Records drawn from a dataset:
↓↓↓
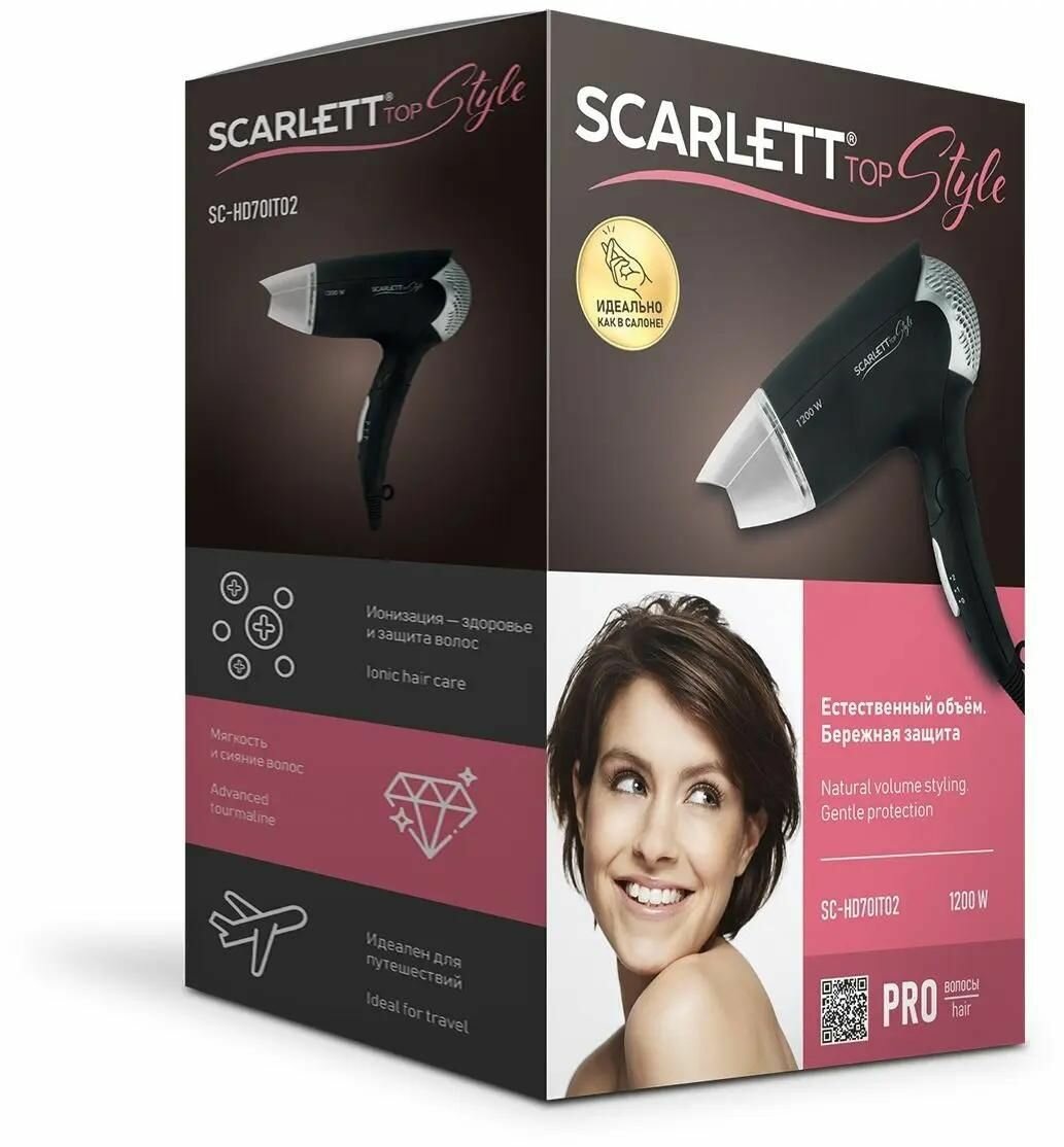 Фен Scarlett SC-HD70IT02, 1200Вт, черный
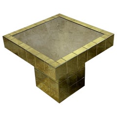 Tavolino da caffè Maison Charles in ottone patinato e vetro a specchio, anni '60
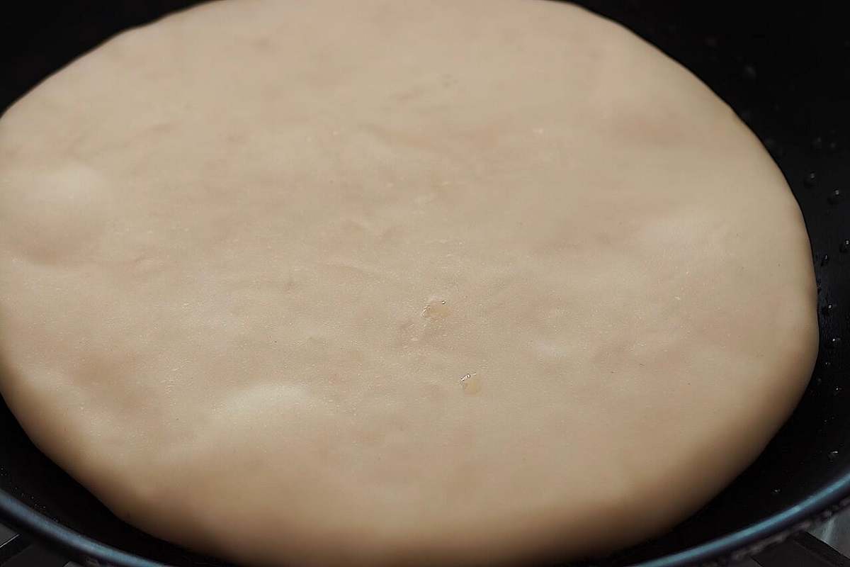 Następnie, placek należy smażyć, aż do uzyskania złotego koloru, po obu stronach na wysmarowanej tłuszczem patelni.
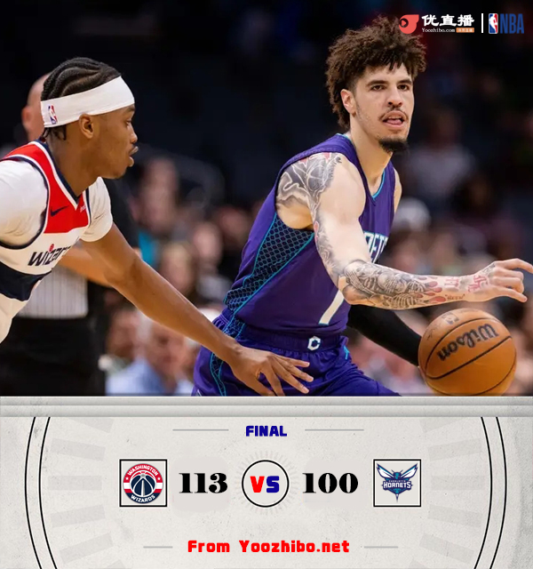 JRS直播吧讯3月2日讯 NBA常规赛,黄蜂主场迎战奇才。黄蜂5连败,以14胜44负排东部倒数第二,奇才10胜48负紧随其后。上半场,双方开场势均力敌,比分始终紧咬,布里奇斯高效发挥,奇才多点开花给出回应,次节两队大打对攻,奇才多点开花占据主动,黄蜂不断冲击篮筐连投带罚迅速回应,半场战罢黄蜂59-54领先奇才。下半场,黄蜂命中率骤降,奇才持续发力一举反超比分并获得两位数优势,末节斯玛特里突外投连续拿分带队扩大领先,黄蜂苦苦追赶无果。最终,奇才客场113-100击败黄蜂,赛季4杀对手完成横扫。
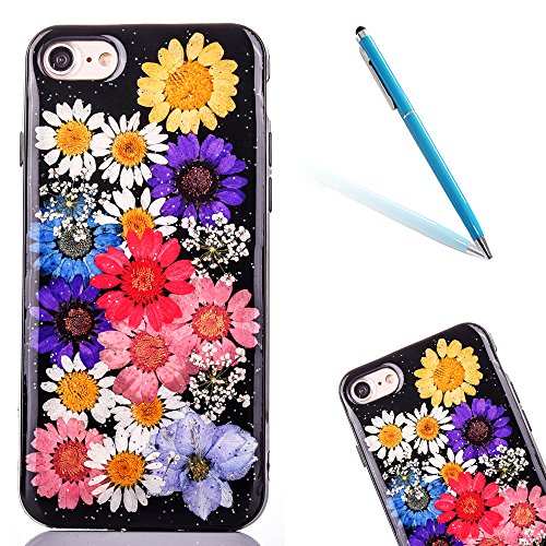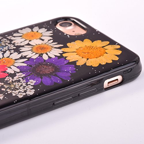 Cassa in Molle Rubber per Apple iPhone 7 4.7"(NON iPhone 7Plus 5.5"), CLTPY Black Handmade Naturale Flower Essiccate Fiore Case Protettiva Ultra Sottile Morbido e Flessibile in TPU Silicone Cover-di Ritegno Hull per iPhone 7 + 1x Stilo - Fiore 10
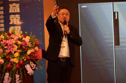 津晶企業(yè)集團江國民董事長上臺,代表集團向現場嘉賓表示熱烈的歡迎及誠摯感謝。隨后,江董事長圍繞“四緯一體·互聯互通商業(yè)模式,打通供應鏈最后一道壁壘!”為引題發(fā)表重要講話,為本場會議確立下正確的目標方向及思想基調,并祝愿在座嘉賓都能透過本次會議學有所獲、不虛此行。
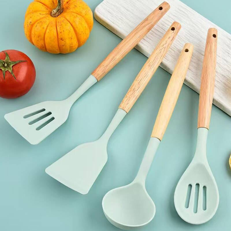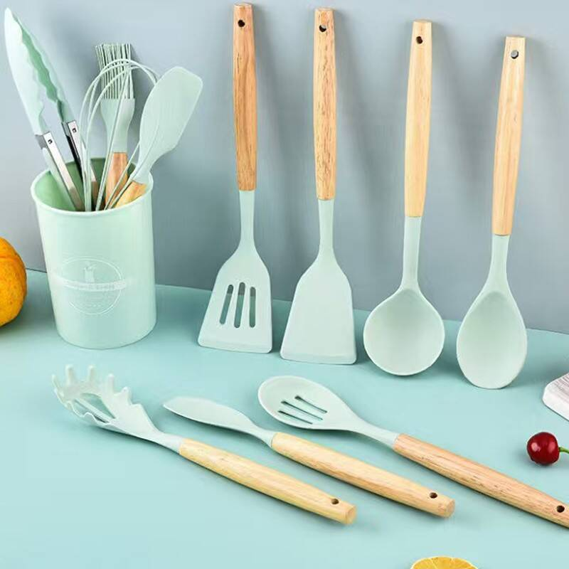 Kitchen Utensil Set 12 PCS Silicone Cooking Tools with Wooden Handle, Cooking Utensils Set Heat Resistant & Non-Scratch for Nonstick Pans, Utensil Set Includes Spatula, Spoon & Tongs, Kitchen Accessories Dishwasher Safe, Green Kitchen Accessories for Modern Homes, Essential Kitchen Utensils
↑↑↑
YOUR OBJECTIVE: Starting at the line containing "Cassa in Molle" and finishing at the line containing "津晶企業(yè)集團江國民董", return those lines exactly as they appear above, without the pictures.

TASK ANSWER:
 Cassa in Molle Rubber per Apple iPhone 7 4.7"(NON iPhone 7Plus 5.5"), CLTPY Black Handmade Naturale Flower Essiccate Fiore Case Protettiva Ultra Sottile Morbido e Flessibile in TPU Silicone Cover-di Ritegno Hull per iPhone 7 + 1x Stilo - Fiore 10
 津晶企業(yè)集團江國民董事長上臺,代表集團向現場嘉賓表示熱烈的歡迎及誠摯感謝。隨后,江董事長圍繞“四緯一體·互聯互通商業(yè)模式,打通供應鏈最后一道壁壘!”為引題發(fā)表重要講話,為本場會議確立下正確的目標方向及思想基調,并祝愿在座嘉賓都能透過本次會議學有所獲、不虛此行。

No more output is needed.